------ Data supplied

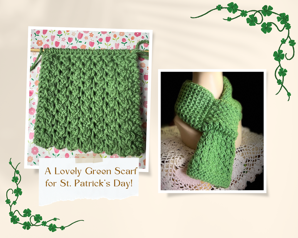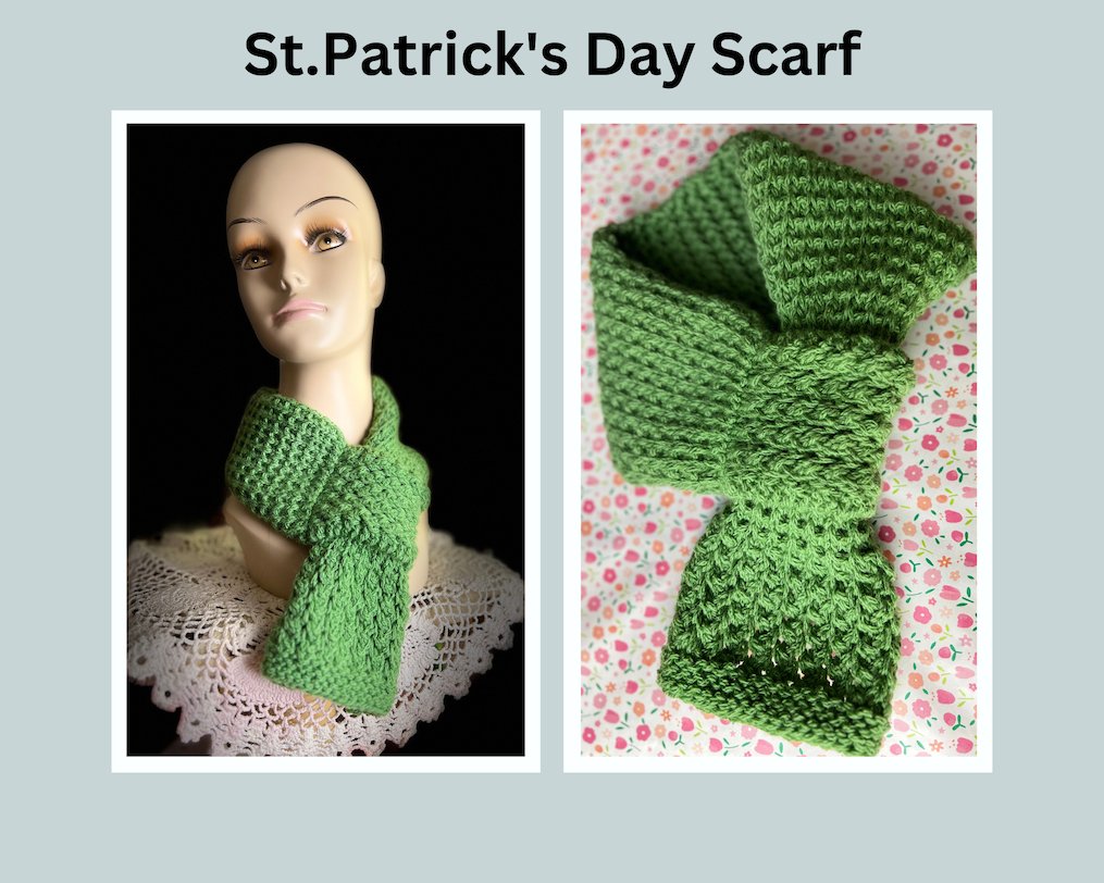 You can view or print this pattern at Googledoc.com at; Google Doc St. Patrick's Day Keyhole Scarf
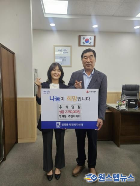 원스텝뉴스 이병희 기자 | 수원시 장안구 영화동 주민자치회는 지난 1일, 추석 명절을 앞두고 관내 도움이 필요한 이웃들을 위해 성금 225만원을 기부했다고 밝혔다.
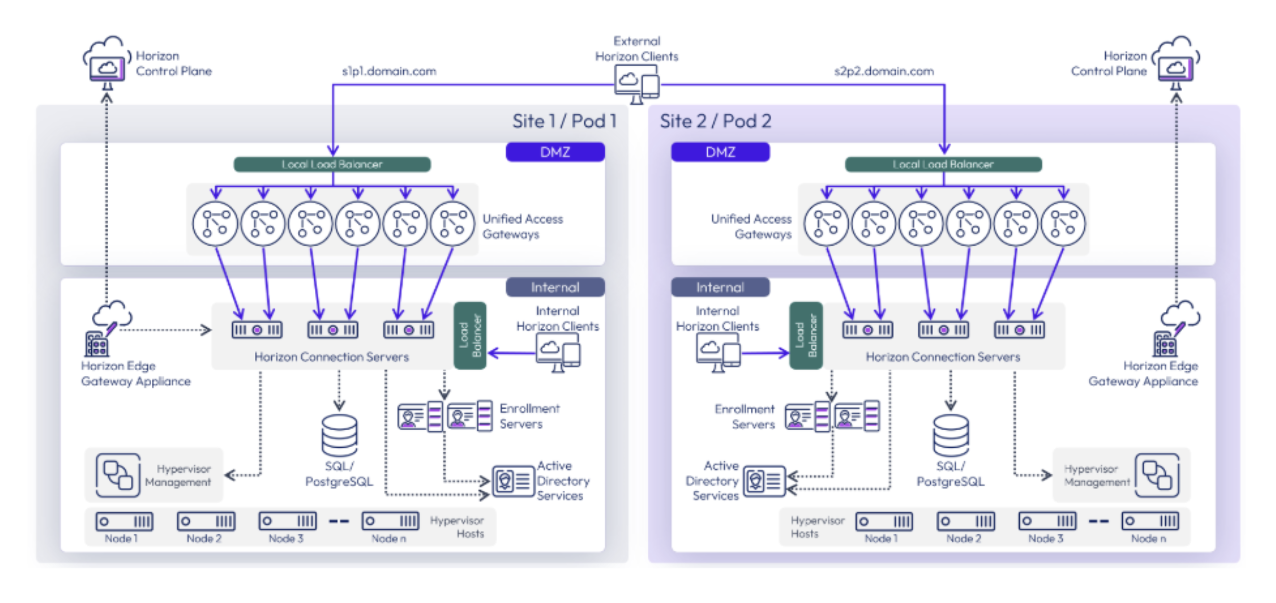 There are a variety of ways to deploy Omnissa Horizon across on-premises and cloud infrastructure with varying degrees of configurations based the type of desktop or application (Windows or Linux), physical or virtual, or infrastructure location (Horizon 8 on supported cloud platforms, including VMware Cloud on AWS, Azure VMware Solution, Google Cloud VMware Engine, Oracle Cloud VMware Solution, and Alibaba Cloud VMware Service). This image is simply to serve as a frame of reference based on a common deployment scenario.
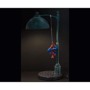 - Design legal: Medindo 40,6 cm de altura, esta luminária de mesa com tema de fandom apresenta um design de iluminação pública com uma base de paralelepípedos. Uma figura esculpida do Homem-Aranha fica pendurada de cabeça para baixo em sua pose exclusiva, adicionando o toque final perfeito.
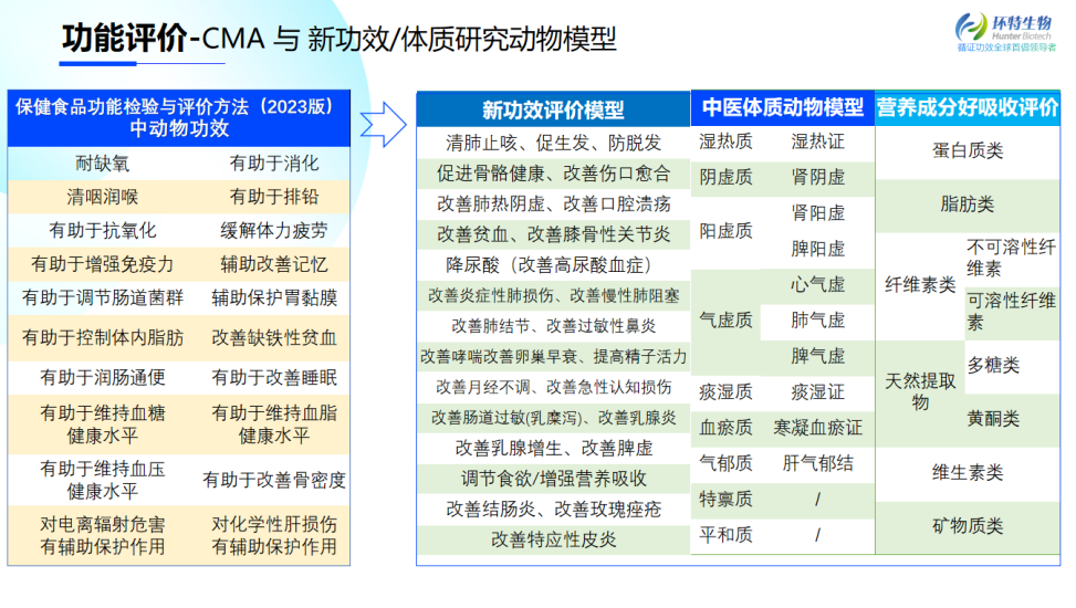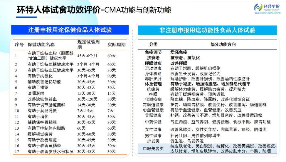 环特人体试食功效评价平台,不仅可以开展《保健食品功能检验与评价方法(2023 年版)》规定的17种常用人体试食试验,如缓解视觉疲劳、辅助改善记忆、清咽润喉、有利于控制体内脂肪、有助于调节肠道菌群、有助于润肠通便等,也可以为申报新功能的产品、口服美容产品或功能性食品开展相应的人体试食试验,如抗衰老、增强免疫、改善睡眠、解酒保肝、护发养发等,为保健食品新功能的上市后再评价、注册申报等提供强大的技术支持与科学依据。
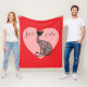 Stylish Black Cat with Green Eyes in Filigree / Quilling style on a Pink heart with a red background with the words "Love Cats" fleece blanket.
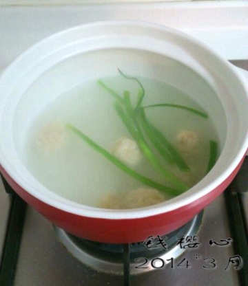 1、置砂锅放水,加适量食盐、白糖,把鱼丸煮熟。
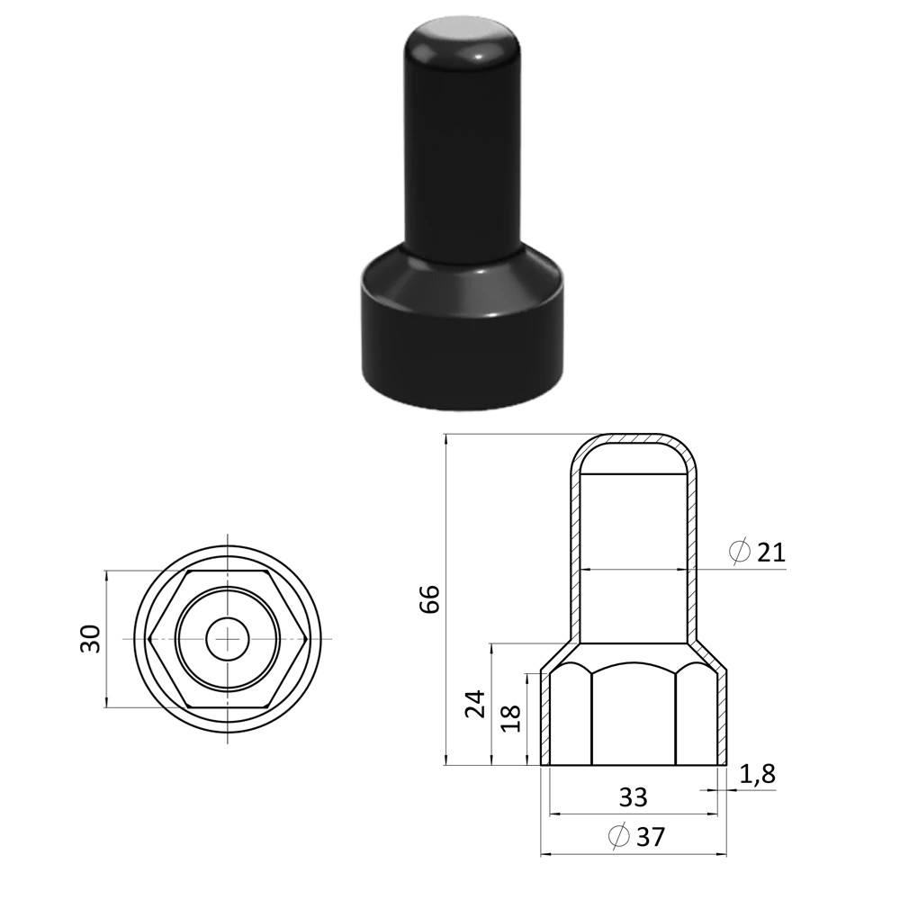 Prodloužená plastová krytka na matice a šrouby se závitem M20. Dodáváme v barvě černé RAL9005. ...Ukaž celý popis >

------------
------ Data supplied

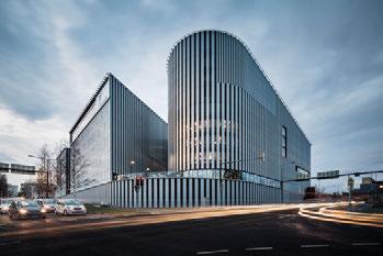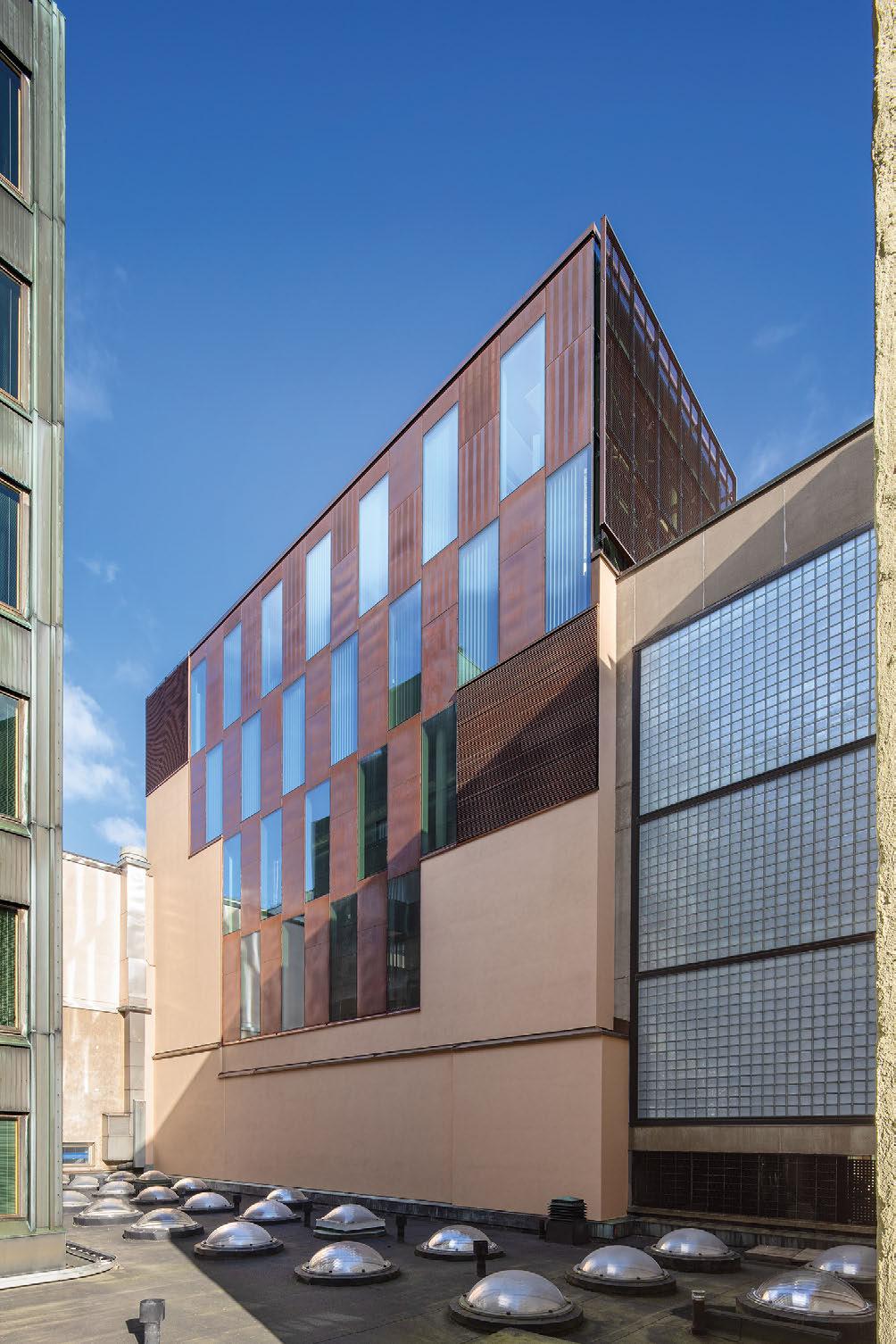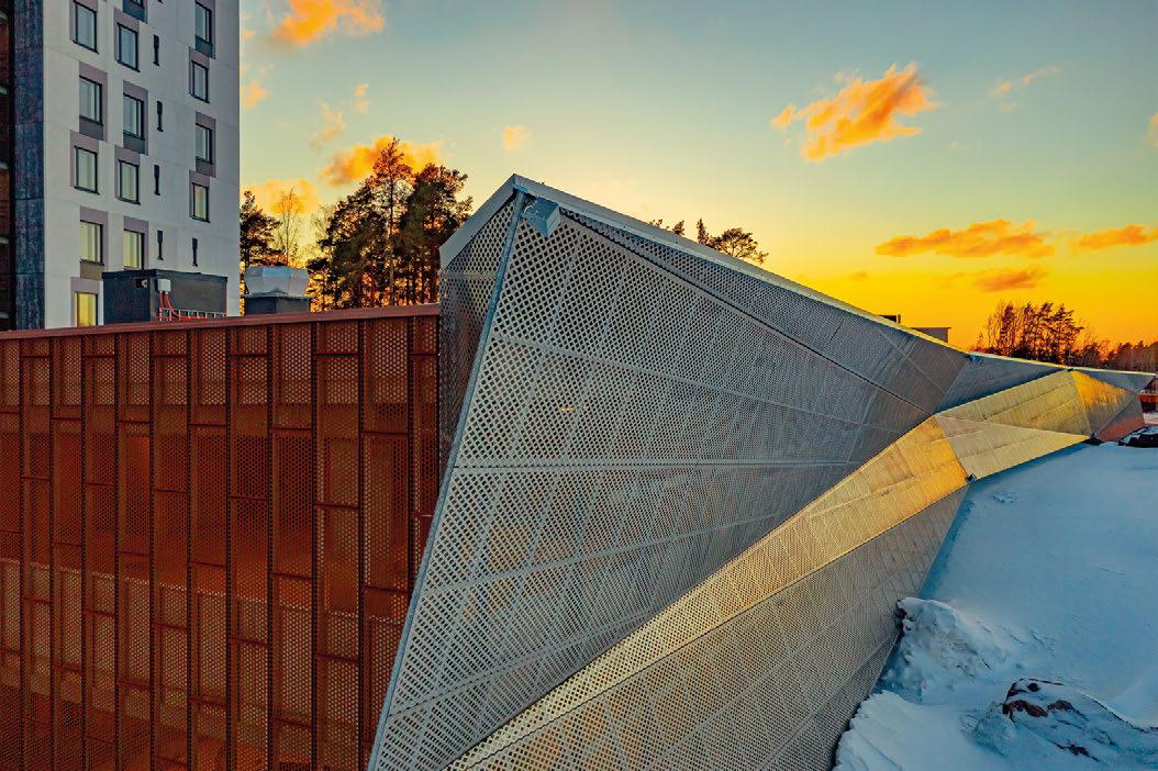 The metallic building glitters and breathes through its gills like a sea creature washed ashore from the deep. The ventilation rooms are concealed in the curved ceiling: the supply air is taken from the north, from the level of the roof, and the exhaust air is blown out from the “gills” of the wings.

------------
------ Data supplied

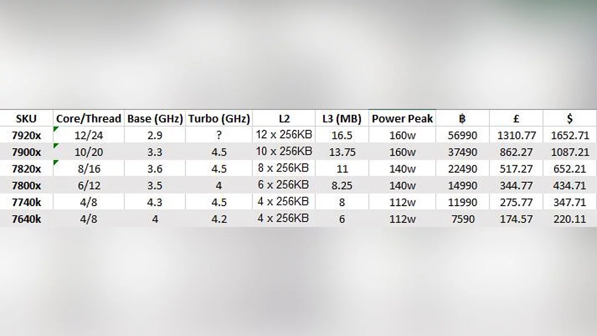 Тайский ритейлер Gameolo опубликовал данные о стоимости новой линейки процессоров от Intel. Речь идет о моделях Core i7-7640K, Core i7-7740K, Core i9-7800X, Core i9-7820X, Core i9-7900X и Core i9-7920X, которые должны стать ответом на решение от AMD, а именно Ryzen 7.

------------

Exercise:
From the line containing "环特人体试食功效评价平台,不" through the line containing "1、置砂锅放水,加适量食盐、白糖,把鱼丸煮熟。", copy every line above exactly, without pictures.

Solution to the exercise:
 环特人体试食功效评价平台,不仅可以开展《保健食品功能检验与评价方法(2023 年版)》规定的17种常用人体试食试验,如缓解视觉疲劳、辅助改善记忆、清咽润喉、有利于控制体内脂肪、有助于调节肠道菌群、有助于润肠通便等,也可以为申报新功能的产品、口服美容产品或功能性食品开展相应的人体试食试验,如抗衰老、增强免疫、改善睡眠、解酒保肝、护发养发等,为保健食品新功能的上市后再评价、注册申报等提供强大的技术支持与科学依据。
 Stylish Black Cat with Green Eyes in Filigree / Quilling style on a Pink heart with a red background with the words "Love Cats" fleece blanket.
 1、置砂锅放水,加适量食盐、白糖,把鱼丸煮熟。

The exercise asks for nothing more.